Meanwhile, the IEA raised global demand forecasts based on strong numbers: File Image/Pixabay
It was back to normal for crude trading on Tuesday, with investors resuming their bearish inclinations and causing the commodity to dip, albeit minimally, based on what was perceived to be weak economic news coming from China and the U.S.
Brent settled down 32 cents to $74.91 per barrel and West Texas Intermediate settled down 25 cents to $70.86 after it was learned that industrial output and retail sales growth in China failed to meet forecasts in April; also, retail sales in the U.S. in April were less than expected, a sign that consumers were responding to rising prices and interest rates.
But the reaction to the news frustrated experts like Phil Flynn, senior market analyst at Price Futures Group Inc: he said, "There has been a lot of concern about China's industrial numbers, but if you look at their actual demand numbers or refinery runs, they're knocking on the door of breaking records."

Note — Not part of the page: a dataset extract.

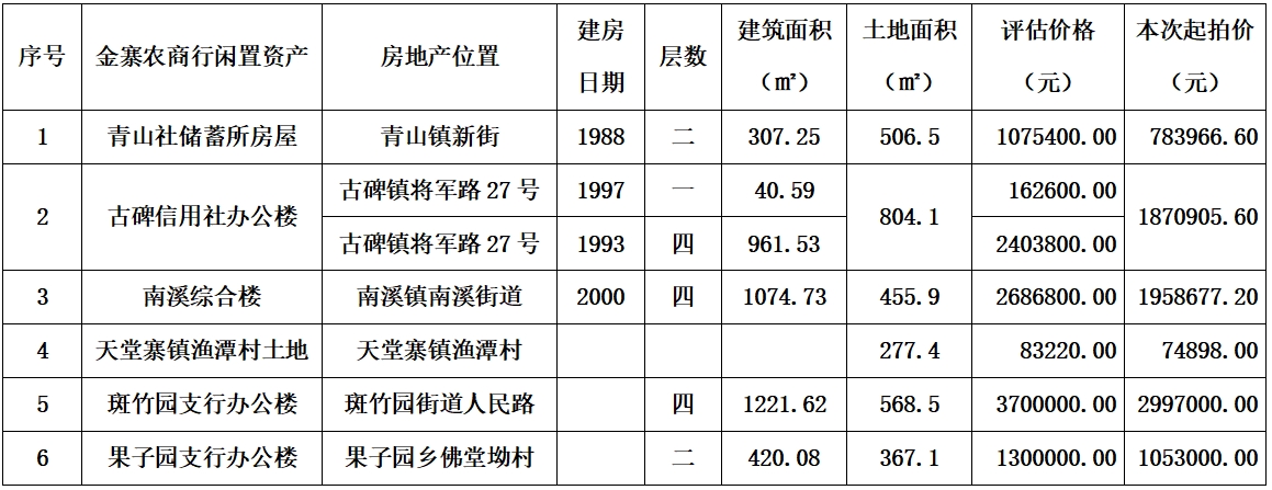 金寨農(nóng)商行房地產(chǎn):天堂寨鎮(zhèn)漁潭村土地、青山社儲(chǔ)蓄所房屋、古碑信用社(原古碑支行)辦公樓、斑竹園鎮(zhèn)瑞海國(guó)際商貿(mào)城商鋪及住宅房,房產(chǎn)面積約32㎡-1963㎡大小不等,標(biāo)的起拍價(jià)最低7.49萬元起。具體每間面積、價(jià)格詳見下方所附拍賣清單。
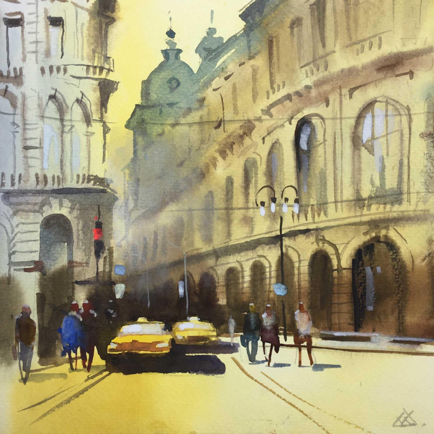 Golden hourPainting Golden hour by Khodakivskyi Vasily | Painting Figurative Urban Watercolor

Phil Flynn, senior market analyst, Price Futures Group Inc
They're knocking on the door of breaking records
Flynn was referring to an 18.9 percent year-on-year rise in China's oil refinery throughput in April, which is the second-highest level on record.
Data from the National Bureau of Statistics showed total refinery throughput reaching 61.1 million tonnes, the equivalent to 14.87 million barrels per day (bpd).
NBS data also showed China's crude oil production in April was 17.3 million tonnes versus 17 million tonnes in 2022.
The International Energy Agency was similarly impressed with China's performance: it raised its forecast for global oil demand this year by 200,000 bpd to a record 102 million bpd and said
China's recovery had surpassed expectations, with demand reaching a record 16 million bpd in March.
The IEA stated, "Prices were pressured lower by muted industrial activity and higher interest rates, which, combined have led to recessionary scenarios gaining traction.
"The current market pessimism, however, stands in stark contrast to the tighter market balances we anticipate in the second half of the year, when demand is expected to eclipse supply by almost 2 million bpd."
As for disappointment in U.S. retail sales, that too was misleading considering it was accompanied by strong job growth in April, a surge in factory production, and households spending more at restaurants and bars – all of which was ignored by crude traders.
Meanwhile another bullish development relatively ignored on Tuesday was the US government soliciting bids for as much as 3 million barrels of sour crude for its Strategic Petroleum Reserve, with deliveries planned for August.